Understanding Deeds of Release
Most individuals purchase their homes with the help of a mortgage provided by a financial institution. The bank providing the funds for the mortgage doesn’t just lend the money in good faith—it takes a legal claim against the house as collateral until the loan is paid off.
A mortgage deed of release is then created when the borrower meets all mortgage payment terms or makes a full prepayment to satisfy the loan. The lender holds the title to the property until that time and is formally a lienholder of record on the property until full and final payment is made. The title provides secured collateral for the loan payments for the life of the loan, reducing the default risk for the lender.
The lending institution’s legal counsel typically creates the deed of release when the loan has been satisfied. It reports that the loan has been paid in full under the terms required. It also states that the lien has been removed and full title has been transferred to the homeowner.
Be sure to have the deed of release recorded with the same agency that recorded the original mortgage so you can be absolutely sure that any and all liens are removed.
Types of Deeds of Release
Employment agreements are another scenario where a deed of release might be used. The document can free both the employer and employee of any obligations they had under their employment agreement. In some cases, a deed of release might give an employee a designated payment. This can occur in the case of a severance package.
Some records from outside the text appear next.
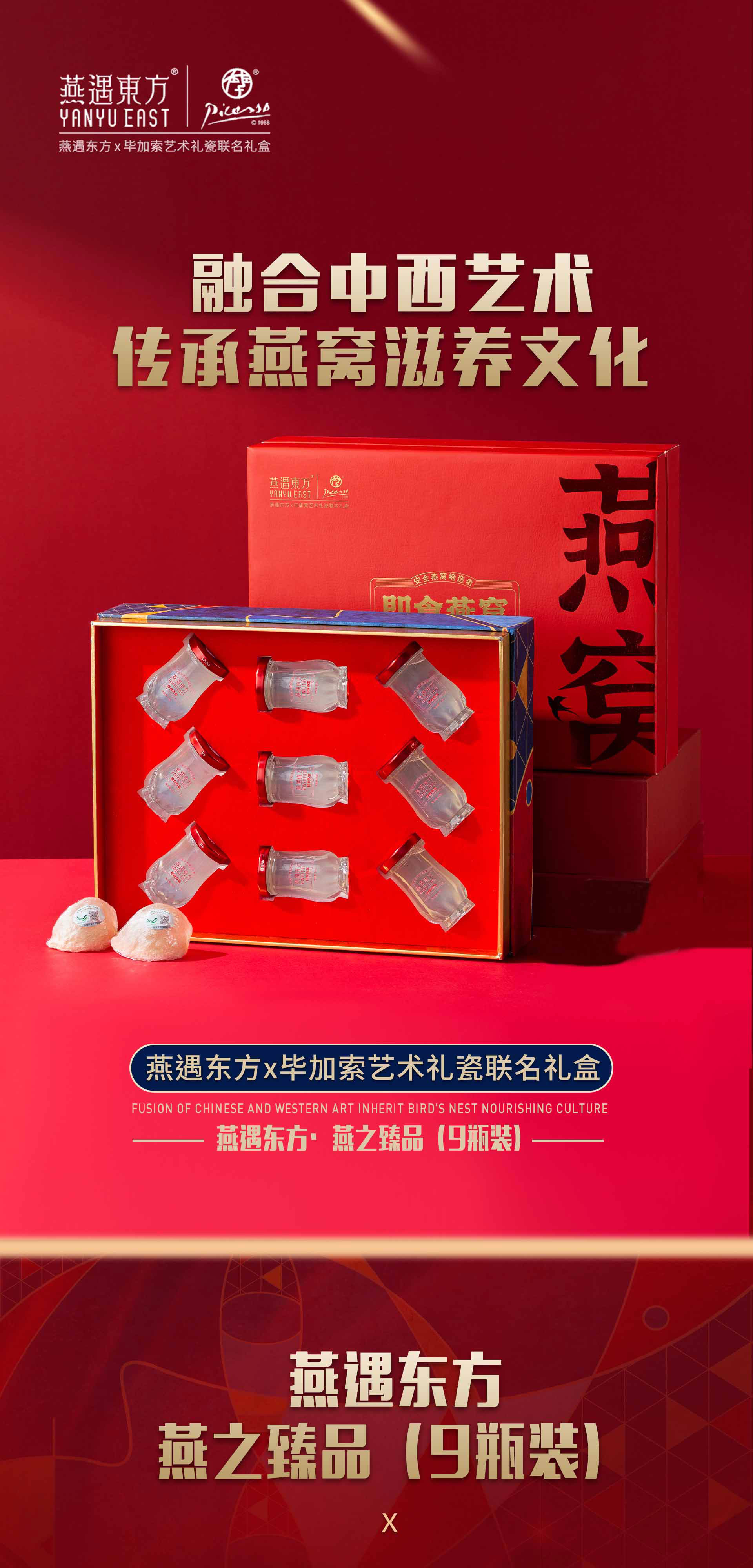 燕之臻品即食冰糖燕窝(9瓶装)50g*9瓶 单位:盒 红色
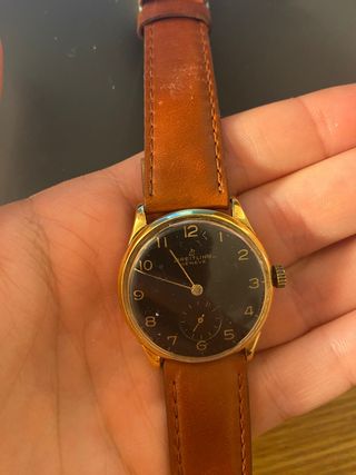 Elegante reloj Breitling Geneve con esfera negra y detalles dorados. - Caja y detalles en oro (chapado de 20 micras). - Correa de cuero marrón. - Esfera negra con marcadores horarios - 33 mm - Todo original , funcionando, precio negociable.
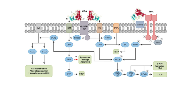 ③CPA中央環(huán)區(qū)域上的神經(jīng)節(jié)苷脂結(jié)合位點與細(xì)胞膜上的激活原肌球蛋白受體激酶A(TrkA)相互作用,使PDK1和PKCθ磷酸化,激活MEK/ERK信號傳導(dǎo)和NF-κB,形成活性氧(ROS)引起細(xì)胞氧化應(yīng)激、激活細(xì)胞凋亡機制,促進IL-8分泌,促進炎癥發(fā)生。
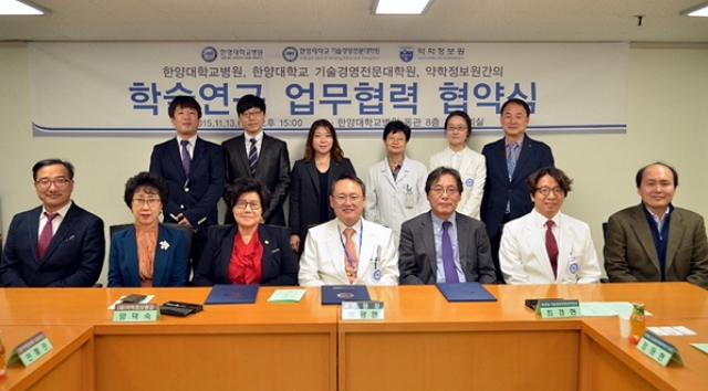 | ▲ 한양대병원은 한양대 기술경영전문대학원 및 약학정보원과 ‘약학정보 공유 기술 개발을 위한 업무협약’을 체결했다.(이미지출처: 한양대병원) | ||
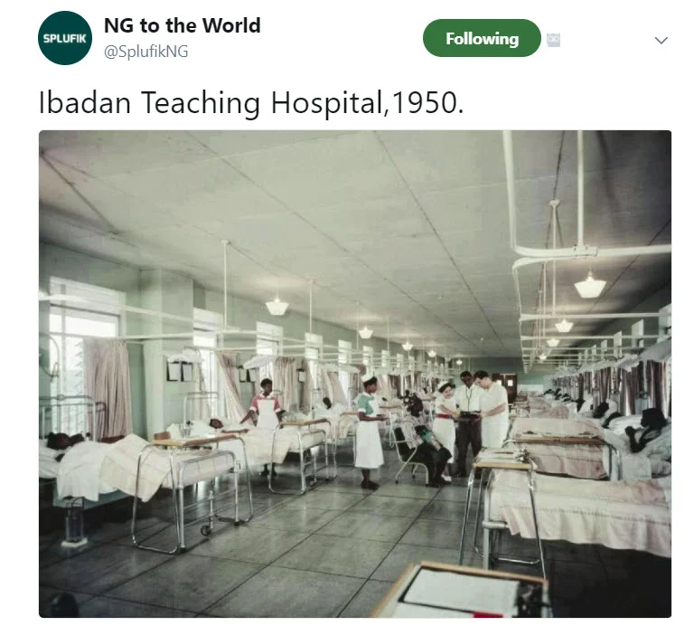 This picture of Ibadan teaching hospital in 1950 was posted by NG to the World (@SplufikNG) on Twitter. It brings tears to the e...
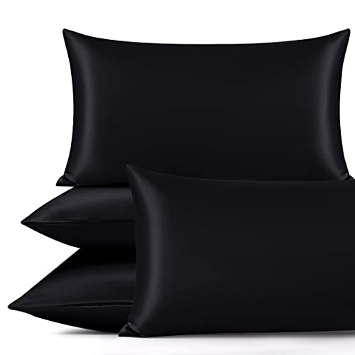 Yorkshire Bedding Black Satin Pillow Cases 4 Pack for Hair and Skin Standard Size Satin Pillowcases with Envelope Closure (50x75cm)
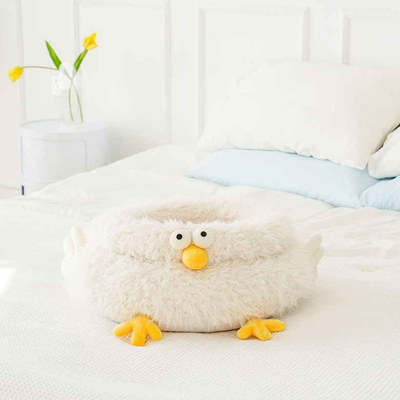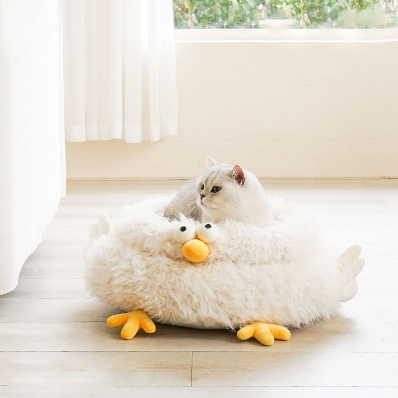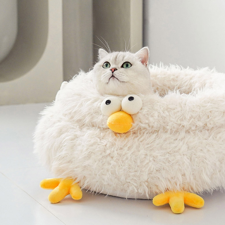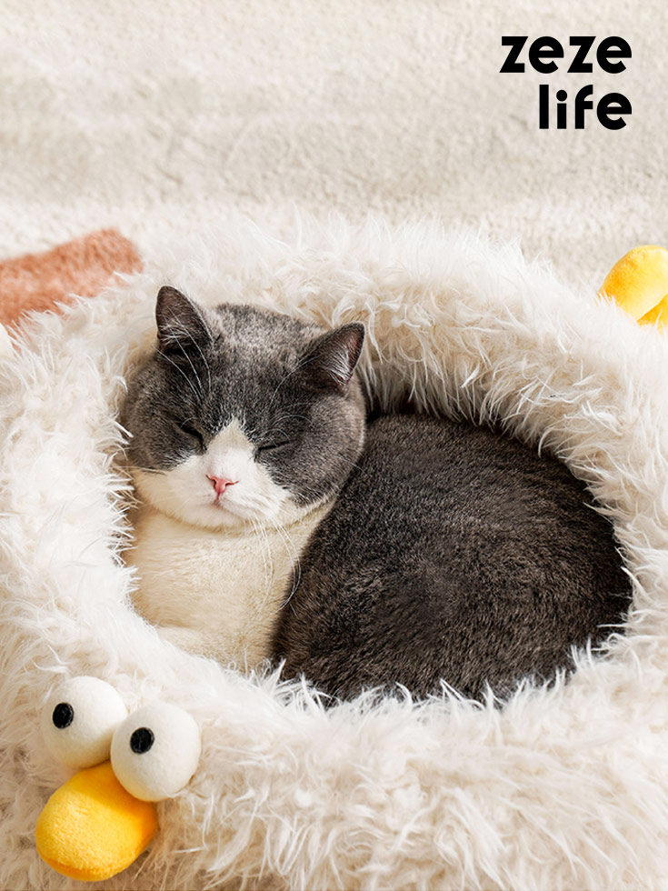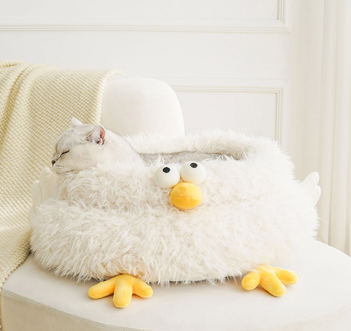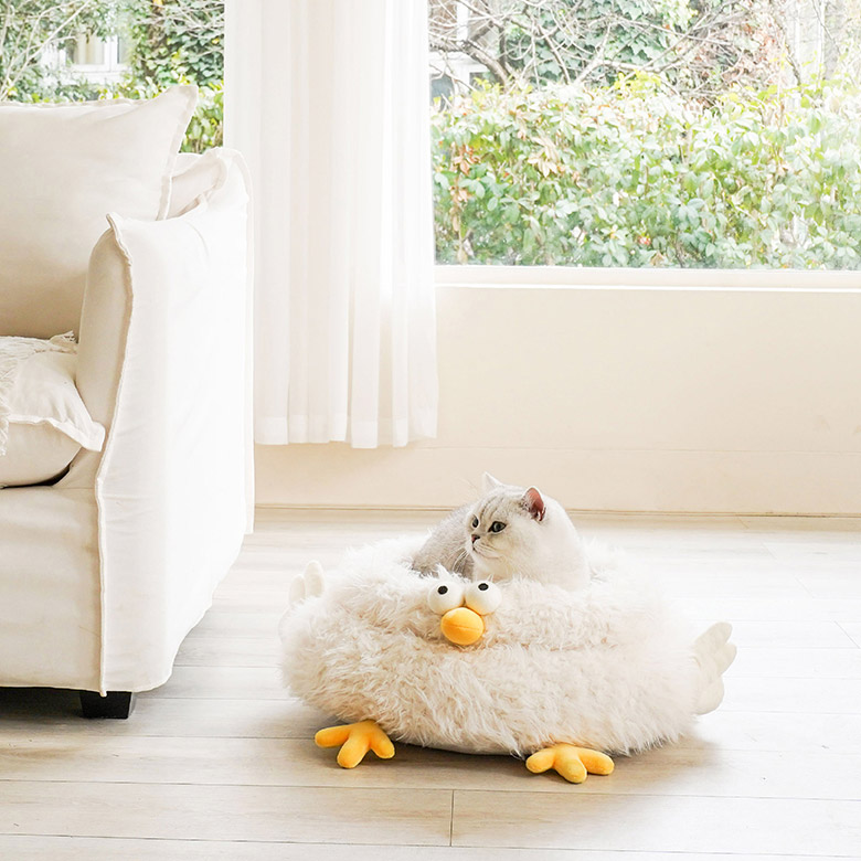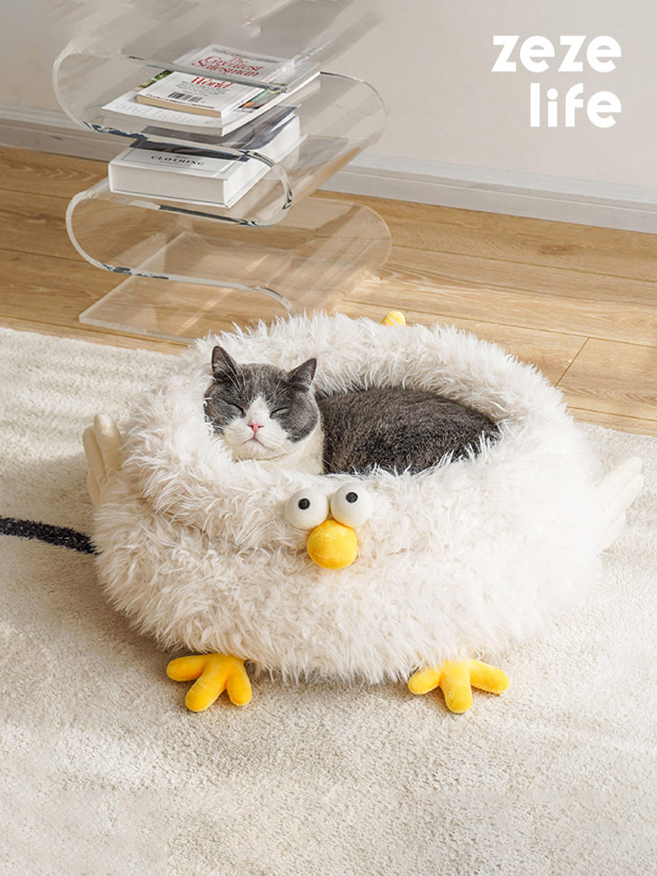 Under the sunset, the kitten is staying in the soft cloud-like chick cluck cat bed. The gentle light beige color scheme gives cats a sense of security even in winter and makes cats even forgetting where they are. But the little cat and Cluck will always wait by the window to wait for you to go back home.
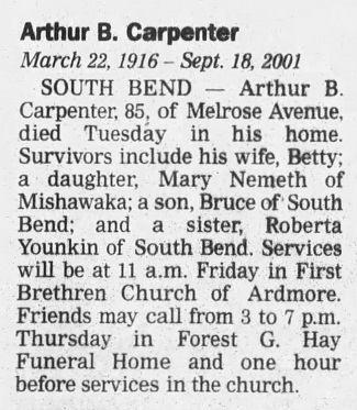 Arthur B. Carpenter, 85, of Melrose Avenue, South Bend, Ind., died Tuesday, Sept. 18, in his residence.
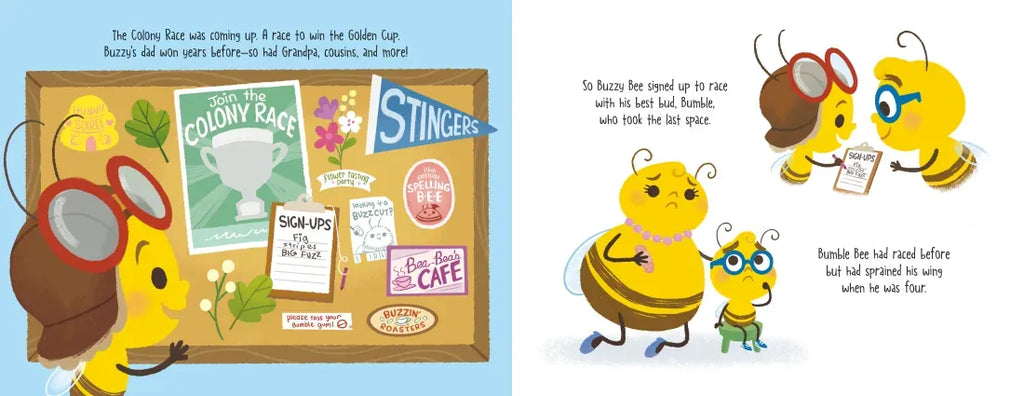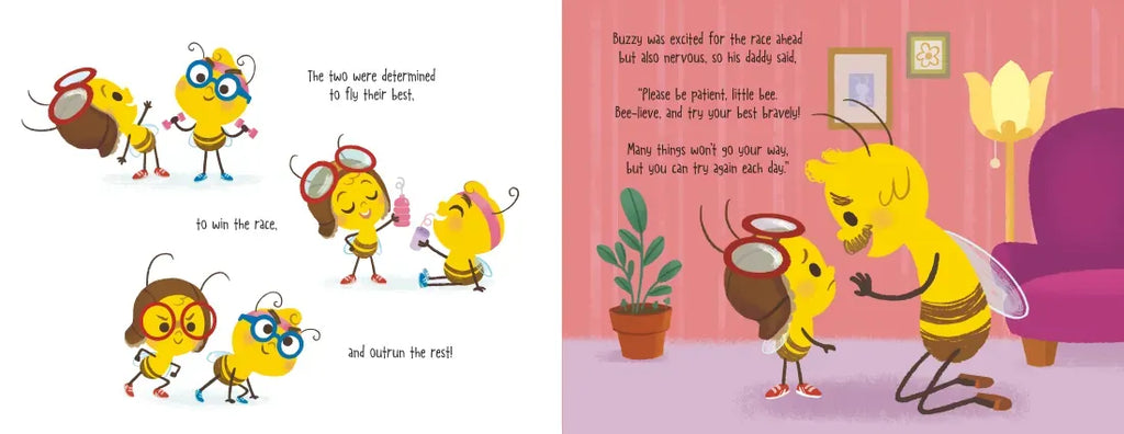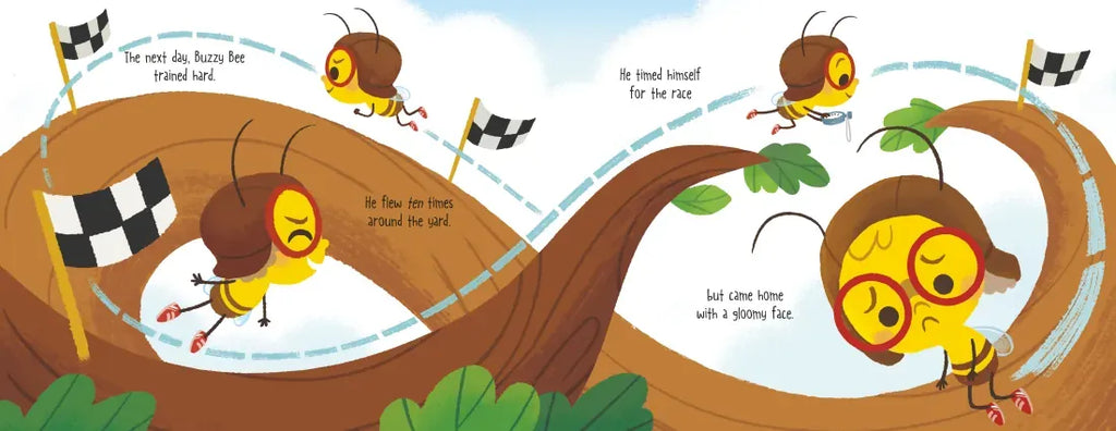 Buzzy Bee is excited to participate in the Colony's upcoming race. There's just one problem: he isn't very fast! But Buzzy is not a quitter, so he practices tirelessly to get better and better. But on the day of the race, things don't exactly go as expected. Can Buzzy save the day and win the race?

The deed of release can include the terms of the severance, including payment and the length of time payments will last following the release. It might also identify confidential information that cannot be shared by the employee after termination, or restraint clauses that prevent a departing employee from forming a similar business or soliciting customers or clients.
Contact the FDIC if you’ve failed to receive a deed of release because your lending bank failed and went into an FDIC receivership. The FDIC indicates that it can usually sort the problem out for you.